> [Task directions]: Here are the records. Write out exactly the lines between the one holding "Сегодняшний обед: половинка" and the one holding "架け替え中の阿蘇大橋は、アプ", inclusive.

> [Stored data entries]:
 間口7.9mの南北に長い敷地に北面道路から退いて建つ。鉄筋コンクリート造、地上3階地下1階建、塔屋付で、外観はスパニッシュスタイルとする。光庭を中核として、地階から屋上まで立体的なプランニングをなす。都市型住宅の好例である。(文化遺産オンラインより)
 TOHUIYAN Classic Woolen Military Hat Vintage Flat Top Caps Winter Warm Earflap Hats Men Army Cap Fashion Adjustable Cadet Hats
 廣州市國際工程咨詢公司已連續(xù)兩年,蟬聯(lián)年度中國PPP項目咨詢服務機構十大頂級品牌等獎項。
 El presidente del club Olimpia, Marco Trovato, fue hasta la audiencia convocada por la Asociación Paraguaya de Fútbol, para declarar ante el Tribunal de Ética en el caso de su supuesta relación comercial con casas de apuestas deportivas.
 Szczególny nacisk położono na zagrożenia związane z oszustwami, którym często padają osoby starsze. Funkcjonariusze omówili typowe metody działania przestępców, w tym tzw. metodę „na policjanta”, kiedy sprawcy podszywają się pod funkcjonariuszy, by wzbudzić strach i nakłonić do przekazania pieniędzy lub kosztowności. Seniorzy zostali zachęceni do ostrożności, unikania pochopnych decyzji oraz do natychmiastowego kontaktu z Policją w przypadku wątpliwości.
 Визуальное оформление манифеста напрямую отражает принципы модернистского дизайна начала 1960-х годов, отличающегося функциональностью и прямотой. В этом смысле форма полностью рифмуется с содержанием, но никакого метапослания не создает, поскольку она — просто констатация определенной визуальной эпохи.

* * *

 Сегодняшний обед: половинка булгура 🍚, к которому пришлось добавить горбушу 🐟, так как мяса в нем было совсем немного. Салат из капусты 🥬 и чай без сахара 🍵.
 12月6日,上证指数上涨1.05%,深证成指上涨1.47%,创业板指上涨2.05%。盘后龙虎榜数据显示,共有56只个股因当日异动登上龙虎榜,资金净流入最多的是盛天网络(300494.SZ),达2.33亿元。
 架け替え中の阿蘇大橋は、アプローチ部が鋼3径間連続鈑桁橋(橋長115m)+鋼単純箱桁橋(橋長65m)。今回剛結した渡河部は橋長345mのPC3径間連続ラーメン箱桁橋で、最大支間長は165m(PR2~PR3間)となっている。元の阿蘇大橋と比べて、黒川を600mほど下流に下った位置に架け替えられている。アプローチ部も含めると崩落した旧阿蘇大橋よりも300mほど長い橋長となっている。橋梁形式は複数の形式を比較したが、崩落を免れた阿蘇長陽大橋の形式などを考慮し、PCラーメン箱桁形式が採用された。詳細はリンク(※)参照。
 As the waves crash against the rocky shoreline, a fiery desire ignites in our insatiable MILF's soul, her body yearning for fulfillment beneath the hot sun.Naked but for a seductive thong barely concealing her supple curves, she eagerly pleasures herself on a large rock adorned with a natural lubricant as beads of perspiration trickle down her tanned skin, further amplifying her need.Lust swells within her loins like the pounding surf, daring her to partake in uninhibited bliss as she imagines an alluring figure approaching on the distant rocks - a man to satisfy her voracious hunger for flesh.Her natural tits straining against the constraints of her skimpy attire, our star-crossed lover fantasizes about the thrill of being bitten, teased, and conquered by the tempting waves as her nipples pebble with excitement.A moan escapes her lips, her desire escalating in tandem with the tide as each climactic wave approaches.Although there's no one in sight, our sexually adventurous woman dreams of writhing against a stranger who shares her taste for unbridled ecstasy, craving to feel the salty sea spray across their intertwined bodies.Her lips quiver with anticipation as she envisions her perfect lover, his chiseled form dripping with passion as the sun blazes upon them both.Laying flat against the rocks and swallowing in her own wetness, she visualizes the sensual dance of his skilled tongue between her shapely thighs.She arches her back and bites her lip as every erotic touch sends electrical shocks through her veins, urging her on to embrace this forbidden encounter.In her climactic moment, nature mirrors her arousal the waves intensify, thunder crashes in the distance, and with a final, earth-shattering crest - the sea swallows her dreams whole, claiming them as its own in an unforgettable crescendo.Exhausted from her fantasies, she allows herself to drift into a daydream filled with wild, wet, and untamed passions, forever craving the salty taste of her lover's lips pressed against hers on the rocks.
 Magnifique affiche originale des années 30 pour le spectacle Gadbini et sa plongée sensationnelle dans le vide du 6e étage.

...

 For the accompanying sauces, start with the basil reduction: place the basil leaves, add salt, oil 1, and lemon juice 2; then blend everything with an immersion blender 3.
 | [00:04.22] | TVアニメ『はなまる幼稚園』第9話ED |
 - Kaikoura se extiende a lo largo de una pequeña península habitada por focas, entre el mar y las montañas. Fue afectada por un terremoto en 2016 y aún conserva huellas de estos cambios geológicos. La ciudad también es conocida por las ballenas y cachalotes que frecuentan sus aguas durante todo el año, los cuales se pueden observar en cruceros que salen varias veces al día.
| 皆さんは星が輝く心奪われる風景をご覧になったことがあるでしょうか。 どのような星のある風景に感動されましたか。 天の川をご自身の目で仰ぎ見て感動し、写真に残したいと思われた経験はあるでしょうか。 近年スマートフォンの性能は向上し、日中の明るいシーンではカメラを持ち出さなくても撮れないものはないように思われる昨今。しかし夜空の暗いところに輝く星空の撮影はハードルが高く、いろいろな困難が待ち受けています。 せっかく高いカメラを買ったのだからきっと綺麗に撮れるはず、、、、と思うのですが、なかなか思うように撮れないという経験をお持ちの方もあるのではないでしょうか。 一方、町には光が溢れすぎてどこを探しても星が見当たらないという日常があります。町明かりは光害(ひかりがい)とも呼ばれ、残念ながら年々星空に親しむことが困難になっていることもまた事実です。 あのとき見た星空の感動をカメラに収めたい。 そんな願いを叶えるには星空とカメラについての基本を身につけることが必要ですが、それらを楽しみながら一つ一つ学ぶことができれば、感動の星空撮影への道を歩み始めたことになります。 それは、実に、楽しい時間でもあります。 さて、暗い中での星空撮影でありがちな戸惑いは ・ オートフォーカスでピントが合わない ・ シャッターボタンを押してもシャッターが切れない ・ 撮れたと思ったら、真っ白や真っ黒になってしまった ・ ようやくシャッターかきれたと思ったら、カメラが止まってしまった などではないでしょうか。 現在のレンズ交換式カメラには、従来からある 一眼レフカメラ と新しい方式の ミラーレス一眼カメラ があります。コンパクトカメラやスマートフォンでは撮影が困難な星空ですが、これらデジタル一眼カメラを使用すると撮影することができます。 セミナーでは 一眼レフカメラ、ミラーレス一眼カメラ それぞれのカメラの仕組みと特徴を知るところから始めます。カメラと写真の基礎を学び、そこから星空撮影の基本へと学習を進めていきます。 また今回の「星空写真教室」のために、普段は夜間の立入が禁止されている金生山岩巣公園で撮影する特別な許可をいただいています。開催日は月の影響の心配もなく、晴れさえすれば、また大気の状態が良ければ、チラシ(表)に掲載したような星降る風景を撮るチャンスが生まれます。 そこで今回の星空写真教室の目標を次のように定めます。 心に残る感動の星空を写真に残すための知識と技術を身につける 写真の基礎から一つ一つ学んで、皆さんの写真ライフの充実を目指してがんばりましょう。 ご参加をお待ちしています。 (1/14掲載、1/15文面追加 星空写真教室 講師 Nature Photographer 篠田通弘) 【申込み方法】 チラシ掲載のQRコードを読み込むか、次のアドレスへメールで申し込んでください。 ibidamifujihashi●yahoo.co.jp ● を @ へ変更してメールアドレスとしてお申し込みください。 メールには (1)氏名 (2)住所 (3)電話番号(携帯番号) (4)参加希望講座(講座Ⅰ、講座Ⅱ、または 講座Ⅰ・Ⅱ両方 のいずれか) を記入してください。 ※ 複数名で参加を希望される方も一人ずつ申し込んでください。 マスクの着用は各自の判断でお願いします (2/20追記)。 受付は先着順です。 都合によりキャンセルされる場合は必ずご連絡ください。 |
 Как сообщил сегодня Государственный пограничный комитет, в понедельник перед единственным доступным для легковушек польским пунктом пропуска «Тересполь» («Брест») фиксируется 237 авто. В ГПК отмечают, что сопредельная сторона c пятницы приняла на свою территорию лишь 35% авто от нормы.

> [Response area]:
 Сегодняшний обед: половинка булгура 🍚, к которому пришлось добавить горбушу 🐟, так как мяса в нем было совсем немного. Салат из капусты 🥬 и чай без сахара 🍵.
 12月6日,上证指数上涨1.05%,深证成指上涨1.47%,创业板指上涨2.05%。盘后龙虎榜数据显示,共有56只个股因当日异动登上龙虎榜,资金净流入最多的是盛天网络(300494.SZ),达2.33亿元。
 架け替え中の阿蘇大橋は、アプローチ部が鋼3径間連続鈑桁橋(橋長115m)+鋼単純箱桁橋(橋長65m)。今回剛結した渡河部は橋長345mのPC3径間連続ラーメン箱桁橋で、最大支間長は165m(PR2~PR3間)となっている。元の阿蘇大橋と比べて、黒川を600mほど下流に下った位置に架け替えられている。アプローチ部も含めると崩落した旧阿蘇大橋よりも300mほど長い橋長となっている。橋梁形式は複数の形式を比較したが、崩落を免れた阿蘇長陽大橋の形式などを考慮し、PCラーメン箱桁形式が採用された。詳細はリンク(※)参照。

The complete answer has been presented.